### Supplied records
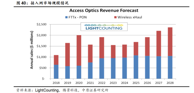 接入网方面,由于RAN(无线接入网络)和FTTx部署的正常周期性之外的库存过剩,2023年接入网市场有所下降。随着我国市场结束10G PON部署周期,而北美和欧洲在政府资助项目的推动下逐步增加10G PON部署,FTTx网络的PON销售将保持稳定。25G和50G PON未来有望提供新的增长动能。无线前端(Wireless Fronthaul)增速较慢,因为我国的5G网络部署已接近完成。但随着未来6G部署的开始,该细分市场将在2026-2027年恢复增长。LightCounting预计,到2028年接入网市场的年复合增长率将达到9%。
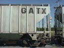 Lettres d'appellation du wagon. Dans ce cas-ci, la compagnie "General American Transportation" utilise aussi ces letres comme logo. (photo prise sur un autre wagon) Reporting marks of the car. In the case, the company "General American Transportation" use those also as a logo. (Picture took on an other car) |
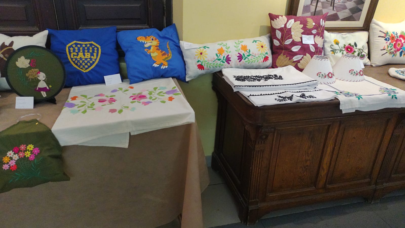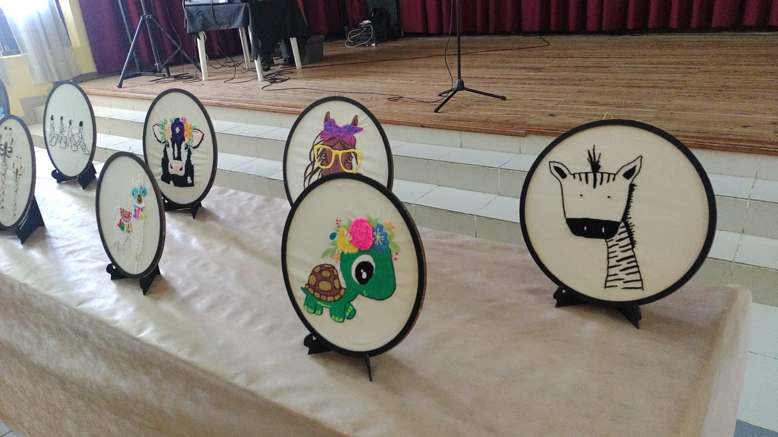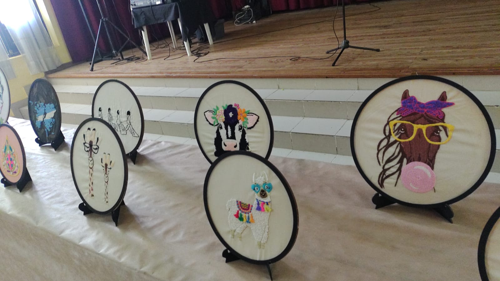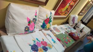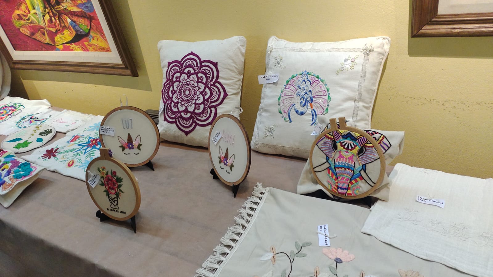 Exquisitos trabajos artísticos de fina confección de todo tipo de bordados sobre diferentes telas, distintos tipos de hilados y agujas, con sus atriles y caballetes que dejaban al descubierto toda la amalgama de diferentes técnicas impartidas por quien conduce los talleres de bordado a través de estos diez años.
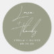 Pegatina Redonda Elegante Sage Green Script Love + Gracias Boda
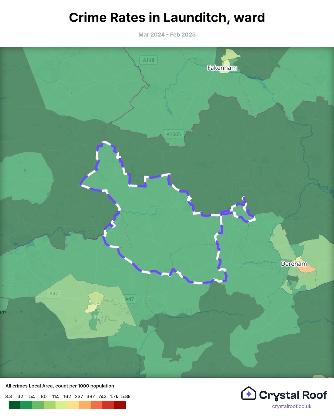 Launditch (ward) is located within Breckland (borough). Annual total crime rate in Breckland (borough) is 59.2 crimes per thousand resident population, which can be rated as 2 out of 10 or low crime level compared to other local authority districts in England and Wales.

### Task instructions
Reproduce only the lines from the first line of the entries through the line containing "Exquisitos trabajos artísticos", exactly and with both ends kept. Omit the pictures.

### Task result
 接入网方面,由于RAN(无线接入网络)和FTTx部署的正常周期性之外的库存过剩,2023年接入网市场有所下降。随着我国市场结束10G PON部署周期,而北美和欧洲在政府资助项目的推动下逐步增加10G PON部署,FTTx网络的PON销售将保持稳定。25G和50G PON未来有望提供新的增长动能。无线前端(Wireless Fronthaul)增速较慢,因为我国的5G网络部署已接近完成。但随着未来6G部署的开始,该细分市场将在2026-2027年恢复增长。LightCounting预计,到2028年接入网市场的年复合增长率将达到9%。
 Lettres d'appellation du wagon. Dans ce cas-ci, la compagnie "General American Transportation" utilise aussi ces letres comme logo. (photo prise sur un autre wagon) Reporting marks of the car. In the case, the company "General American Transportation" use those also as a logo. (Picture took on an other car) |
 Exquisitos trabajos artísticos de fina confección de todo tipo de bordados sobre diferentes telas, distintos tipos de hilados y agujas, con sus atriles y caballetes que dejaban al descubierto toda la amalgama de diferentes técnicas impartidas por quien conduce los talleres de bordado a través de estos diez años.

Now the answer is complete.